Старики удивленно переглянулись, похожее выражение мелькнуло и на лицах тех, кто прислушивался к разговору. Пронесся шепоток, и спустя несколько мгновений Бринн, в нетерпении ожидая ее рассказа, окружили и тогайру, и бехренцы.

И девушка поведала им о путешествии под горами, хотя ни словом, разумеется, не упомянула о Джуравиле и Каззире. На лицах слушателей возникло недоуменное выражение, когда она рассказывала о городе поври, поскольку и тогайру, и бехренцы мало что знали об этих карликах. А уж как у всех широко раскрылись глаза, когда они услышали об огромном драконе и охраняемых им сокровищах!

Тогайранка постаралась как можно эффектнее обыграть этот момент, для усиления драматизма слов даже встала и жестами дополнила рассказ о том, как происходило сражение.

Все время, однако, Бринн искоса бросала взгляды на двух сидящих неподалеку бехренцев, которые притворялись – правда, без особого успеха, – что не слишком интересуются молодой странницей и ее рассказом. На самом деле они, разумеется, ловили каждое ее слово и наверняка доложат об услышанном ятолу Тао Джин Эану, перед тем как завтра утром она встретится с ним.

– Говорят, ты из Кейлин Кек, – заметил один из слушателей.

– Я не была там очень давно.

Простое упоминание названия ее племени мгновенно пробудило в тогайранке воспоминания о беззаботных днях детства.

– Прекрасное племя! – сказал другой мужчина.
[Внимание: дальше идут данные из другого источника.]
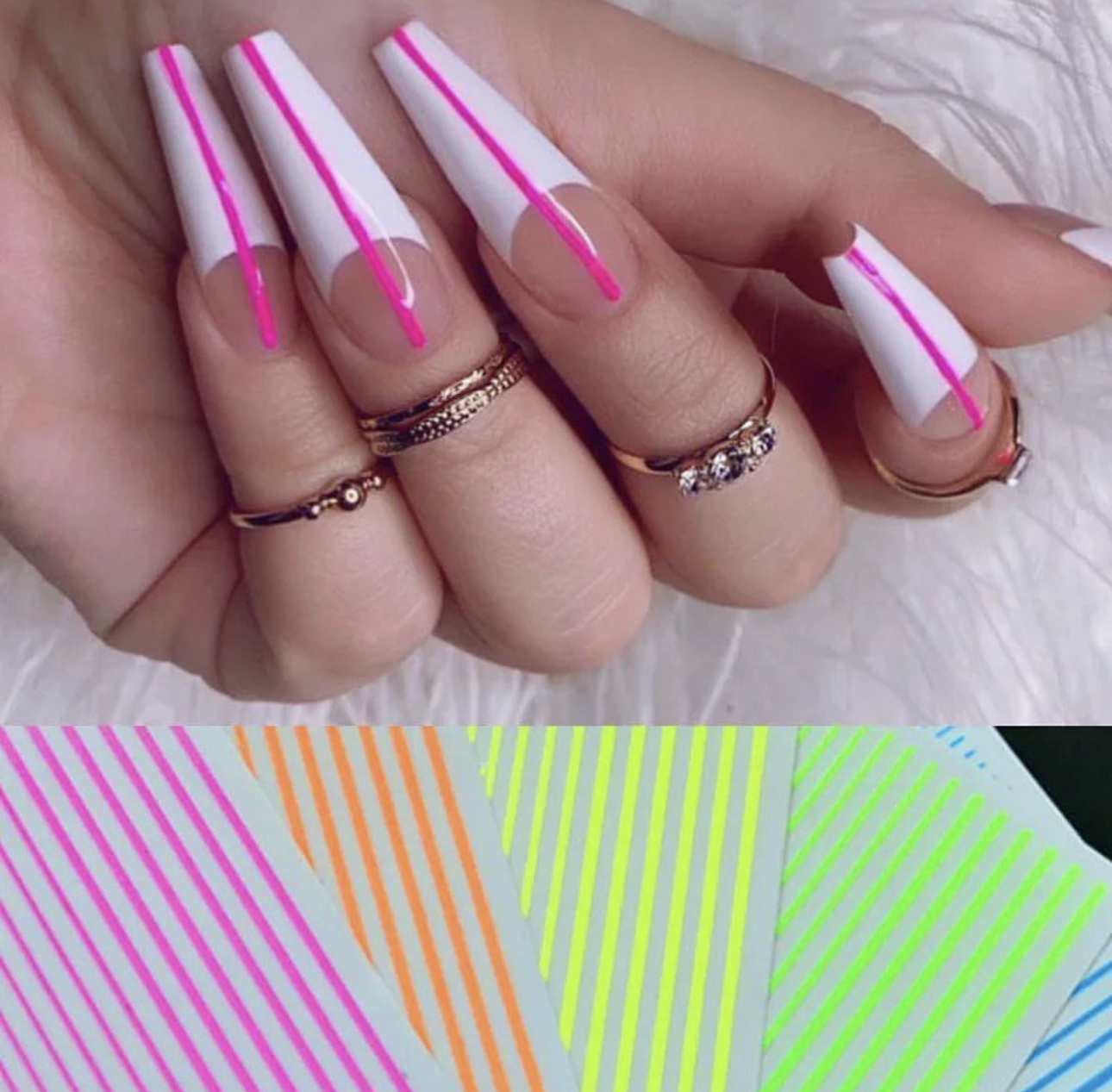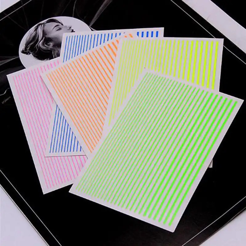 Quantity: 1 Sheet Pattern: Stright Stripe Line Size: Approx. 10cm * 8cm Feature: 100% brand new and high quality. Suitable to use on top of nail polish, UV gel polish, acrylic, etc. Easy to apply on natural or artificial nails. Suitable for home use or professional use. How to use: 1. Applying a base coat and wait it dry completely. 2. Select a base color that you like and apply it onto your nails. 3. Select a design and peel off by your nail. (Don't touch the glue) 4. Use tweezers to gently remove the prepared sticker place it onto your nail and press it. 5. Apply top coat for a perfect effect.

Почти все собравшиеся закивали, соглашаясь, и Бринн с особой остротой почувствовала, что вернулась домой. Не все тогайские племена дружественно относились друг к другу, а иногда между ними случались даже вооруженные стычки. Но что существовало всегда – это взаимное уважение и понимание того, что в картину мира в целом они вписываются как единый народ – гордые тогайру.

Внезапно девушка заметила на лице старика Барачака смущенное и даже подозрительное выражение.

Она не слишком удивилась, когда, вдоволь наговорившись, пошла вместе с супружеской парой к ним домой и старик сказал:

– Я знаю Кейлин Кек. Когда-то охотился вместе с ними. Там нет семьи Дариель.

Бринн заметила, как Тсолана мягко, но решительно положила руку на плечо мужа, как бы напоминая, что Бринн – своя, тогайру.

И все же девушка понимала опасения Барачака. Кейлин Кек – небольшое племя, всего человек триста и около двадцати семей. А сейчас, под тяжелой пятой Бехрена, приходилось подозревать каждого.

Она остановилась, ее спутники тоже. Она поглядела в глаза старику.

– А семью Тсочак ты знаешь?

По лицу Барачака скользнуло выражение печали, потом он широко раскрыл глаза.

– Керегу и Далана? – неуверенно спросил он.

– И их дочь Дариель, уцелевшую в то страшное утро, когда их убили, и навсегда сохранившую воспоминание об их гибели в своем сердце, – закончила Бринн.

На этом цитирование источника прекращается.